## Assigned task
In the data below, set down exactly the lines from the one containing "V roce 1978" up to and including the one containing "Lifeline Care 天貓海外旗艦店". Leave the pictures out.

BEGIN Data section

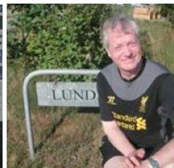
😊 ZICO 😊
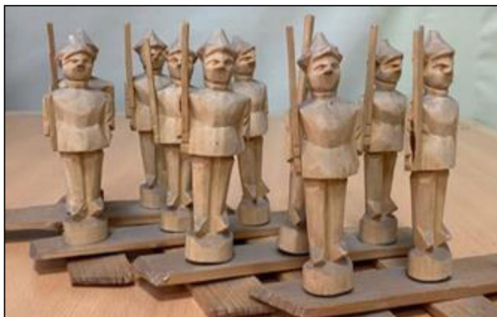
Рис. 9. Богородская деревянная игрушка «Красноармейцы» на разводе. с. Богородское. 1930-е гг.

Появляются многофигурные композиции и отдельные фигуры красноармейцев: кавалеристов, пограничников, охраняющих рубежи Советской Родины (рис. 9, 10).
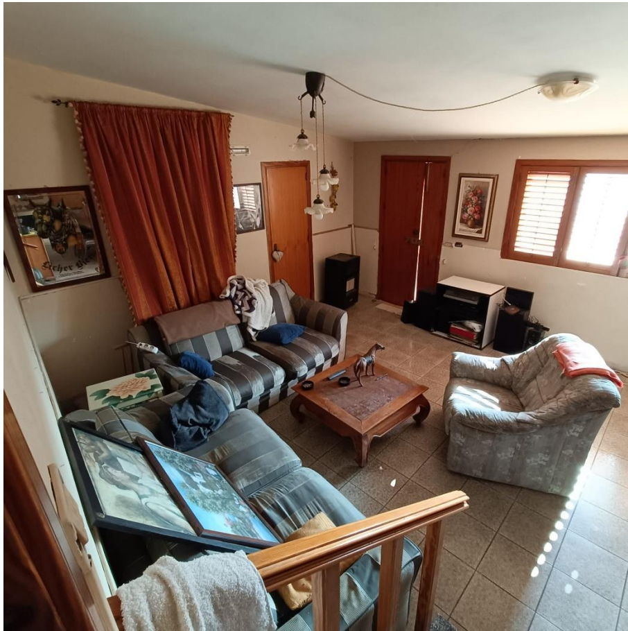
FOTO n.15 - Locale interno
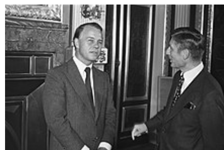
Albrecht s nizozemským premiérem Driesem van Agtem (1978)

V roce 1978 byla Albrechtova vláda zodpovědná za falešný bombový útok na přísně střeženou věznici v Celle , známou jako Celler Loch , s cílem infiltrovat informátory na levicovou teroristickou scénu kolem Frakce Rudé armády . Během svého funkčního období vedl kampaň za to, aby se Dolní Sasko v roce 1979 stalo první spolkovou zemí, která přijme 1 000 vietnamských uprchlíků ( lodí na lodích ). [22]
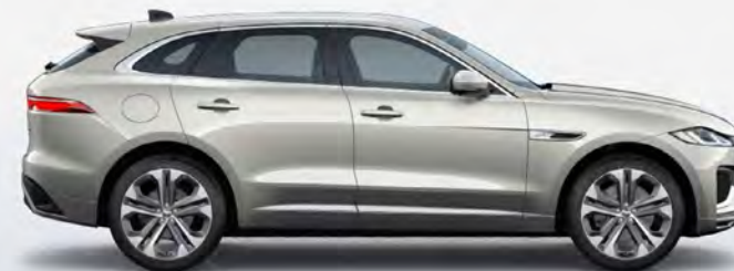
ULTRA METALLIC FLUX SILVER HOOGGLANS OF SATIJNGLANS
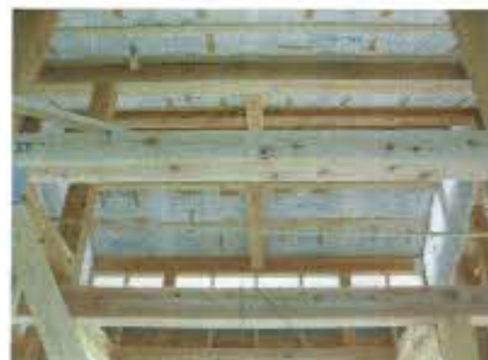
リビングは吹き抜けです。
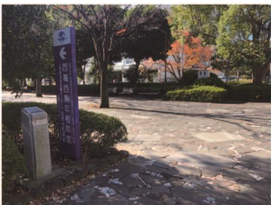
4. 爬上樓梯後往左轉。
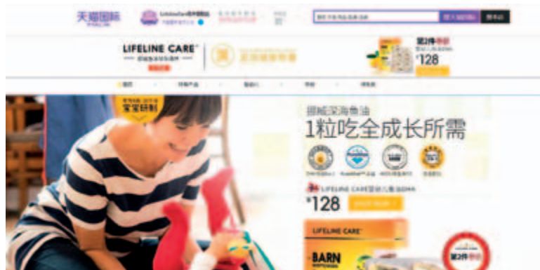
Lifeline Care 天貓海外旗艦店

憑藉著豐富的優質產品組合及良好的電商平台運營拓展經驗，本集團緊跟政策腳步，在積極加強對已有線上平台的管控及銷售推廣力度的同時，結合自身不斷豐富的健康產品組合，進一步開拓了新的電商平台。持續完善渠道等級化管理、多元化產品上架、線上貨源及價格管控、推廣營銷、售前售後服務、會員管理及服務等運營策略，並進一步實現與網易考拉、阿里健康、亞馬遜等重點電商平台達成戰略合作，實現了旗下產品線上、線下相互協同的全方位戰略佈局，有效推動了產品銷售的增長。同時，本集團抓住微商所帶來的機遇，建立了微商城，專注於公司所經營的健康產品，並取得一定效果。截至二零一七年六月三十日止六個月，本集團跨境電商業務增長迅速，銷售額較去年同期大幅增長92.4%。

END Data section

## Task output
V roce 1978 byla Albrechtova vláda zodpovědná za falešný bombový útok na přísně střeženou věznici v Celle , známou jako Celler Loch , s cílem infiltrovat informátory na levicovou teroristickou scénu kolem Frakce Rudé armády . Během svého funkčního období vedl kampaň za to, aby se Dolní Sasko v roce 1979 stalo první spolkovou zemí, která přijme 1 000 vietnamských uprchlíků ( lodí na lodích ). [22]
ULTRA METALLIC FLUX SILVER HOOGGLANS OF SATIJNGLANS
リビングは吹き抜けです。
4. 爬上樓梯後往左轉。
Lifeline Care 天貓海外旗艦店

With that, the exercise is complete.